4. From the aforesaid ground, it is clear that only grievance of the department relates to the deletion of addition of Rs.9,73,86,429/- made by the AO on account of prior period expenses.
5. During the course of hearing, the ld. Counsel for the assessee at the very outset stated that this issue is covered vide order dated 26.05.2017 in ITA Nos. 2650, 2652 & 2653/Del/2012 for the assessment years 2004-05, 2007-08 & 2008-09 in assessee's own case (copy of the said order was furnished which is placed on record).
6. In his rival submissions the ld. DR although supported the order of the AO but could not controvert, the aforesaid contention of the ld. Counsel for the assessee.
7. We have considered the submissions of both the parties and perused the material available on the record.
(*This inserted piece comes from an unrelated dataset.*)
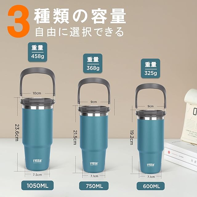 TYESO タンブラー ストロー付き 600ml コーヒー 水筒 魔法瓶 保温保冷 取っ手付ケトル 真空断熱 二重構造 広口 大容量 直飲み 漏れない ホームオフィス アウトドア 女の子 男の子 ネイビー
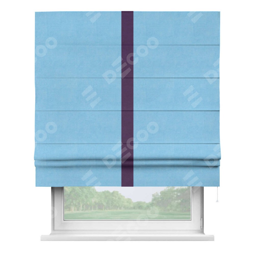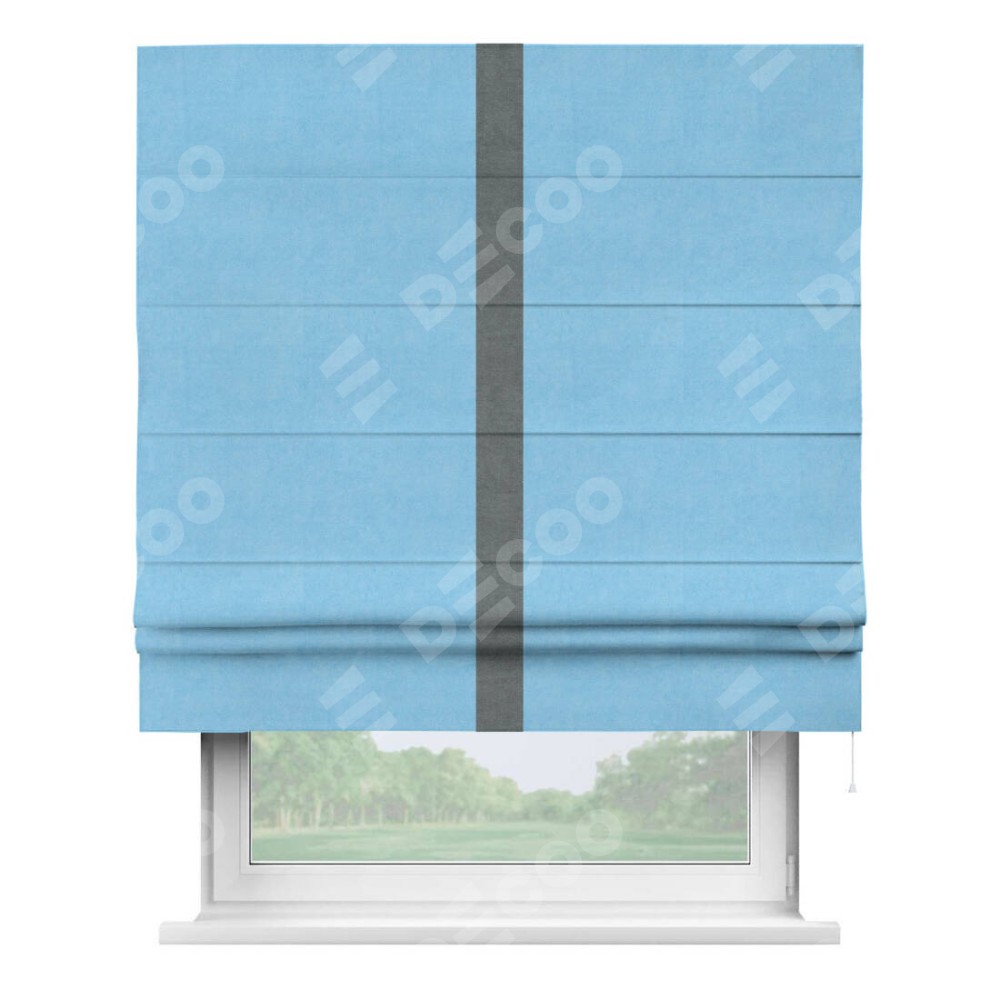 Римская штора «Кортин» с кантом Хайвэй, для проема, ткань вельвет голубой

It is noticed 3 ITA No. 709/Del/2013 ITA No. 4253/Del/2014 Engineering Projects India Ltd.
that an identical issue having similar facts has already been adjudicated by this bench of the Tribunal vide order dated 26.05.2017 in ITA Nos. 2650, 2652 & 2653/Del/2012 and the relevant findings have been given in paras 9 to 12 which read as under:
"9. Having considered the rival submissions in the light of entire material available on record, we find that it is no doubt true that the figures of prior period expenditure and provision for advances are discernible from the computation of income and the notes appended thereto, but a perusal of the original assessment order shows that there is no reference to the issue regarding allowability or otherwise of prior period expenses or regarding provision for advances. The assessment order nowhere speaks that the AO had taken a conscious decision or formed any opinion on both these issues nor was there any application of mind by the AO thereupon. In presence of these facts borne out on record, we do not find any justification to discard the decision reached by the ld. CIT(A) for sustaining the initiation of proceedings u/s. 147 in the instant case. For this view, support has rightly been taken from the decision of Hon'ble jurisdictional High Court in the case of Consolidated Photo And Finvest Ltd. vs. ACIT, 28 ITR 394 and of Hon'ble Gujrat High Court in the case of Praful Chunilal Patel vs. ACIT, 236 ITR 832 (Guj). The decisions relied on by the assessee are not found applicable, being based on different footing and distinguishable on the facts of the present case. Hon'ble jurisdictional High Court 4 ITA No. 709/Del/2013 ITA No. 4253/Del/2014 Engineering Projects India Ltd.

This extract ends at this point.